C’est un privilège pour moi d’être des vôtres ce soir. Bien qu’il n’ait pu se joindre à nous, je sais que nous sommes tous profondément reconnaissants à Henry Kissinger d’avoir lancé cette importante série de conférences il y a près de vingt ans.

Ce soir, nos pensées vont évidemment aussi à l’ancien président George H.W. Bush et à sa famille. Nous regrettons toutes et tous sa disparition, mais nous célébrons le récit de sa vie : le pilote qui a combattu courageusement pendant la Deuxième Guerre mondiale ; le président qui a contribué à apaiser les divisions après la Guerre froide ; et l’homme d’État qui croyait au pouvoir de la coopération internationale. J’espère pouvoir faire honneur à cet esprit aujourd’hui.

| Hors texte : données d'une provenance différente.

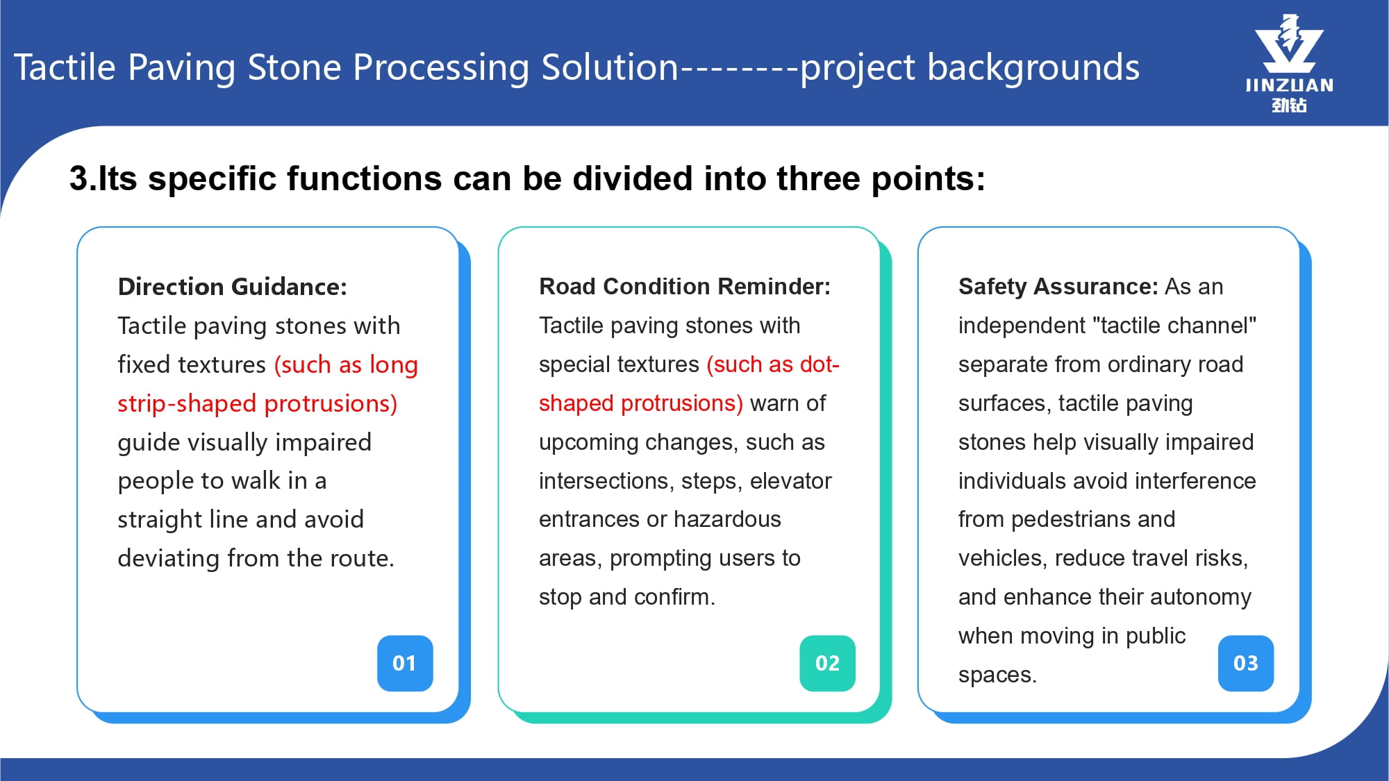 Traditional manufacturing methods struggle with consistency, output, and the precise detailing required for effective tactile guidance. Quanzhou Jingzuan Technology Co.,LTD provides a fully integrated, machine-based manufacturing solution that empowers concrete product manufacturers to produce compliant, high-quality tactile paving stones with superior efficiency and profitability.

La date de ce jour, le 4 décembre, est une date importante — mais je ne vais pas vous en donner tout de suite la raison. Il faudra attendre la fin de mon discours.

En pénétrant dans le grand hall ce soir, j’ai tout de suite pensé à deux choses. Tout d’abord à mes fils, dont l’un est architecte : il adorerait cet endroit magnifique. Ensuite, à mon pays d’origine, la France, ainsi qu’à l’Argentine, où je me trouvais il y a deux jours à l’occasion du sommet du G-20.

Lorsque cette structure a été achevée en 1897, le maître d’œuvre a déclaré que le Palais Garnier constituait la principale inspiration pour la construction de la nouvelle Bibliothèque du Congrès. C’est tout à fait possible, puisque l’opéra de Paris avait été inauguré une vingtaine d’années plus tôt, en 1875. Mais je pense qu’il est possible que les Français, eux aussi, soient allés chercher l’inspiration ailleurs — peut-être auprès de l’ancien Teatro Colón, l’opéra de Buenos Aires, achevé en 1857.

Que pouvons-nous en conclure ? Premièrement, que l’intérêt de la propriété intellectuelle de qualité dépassait largement les frontières, même à l’époque, tout au moins parmi les architectes qui empruntaient volontiers les trouvailles de leurs confrères, se formaient à leur contact et s’inspiraient de leurs œuvres. Deuxièmement, cette observation nous rappelle que, pour construire durablement, il faut jeter une étincelle d’imagination sur les fondations solides du passé.

Cette forme de créativité et de vision à long terme, enracinée dans l’histoire et guidée par les réussites et les échecs d’hier, est mon thème de ce soir. Premièrement, que nous a-t-elle apporté ? Dans quelle mesure la créativité en matière de coopération économique internationale a-t-elle contribué à assurer la paix et la prospérité dans le monde ? Deuxièmement, jusqu’où nous mènera-t-elle ? En quoi un esprit créatif et visionnaire peut-il nous aider à adapter le système international aux enjeux actuels ?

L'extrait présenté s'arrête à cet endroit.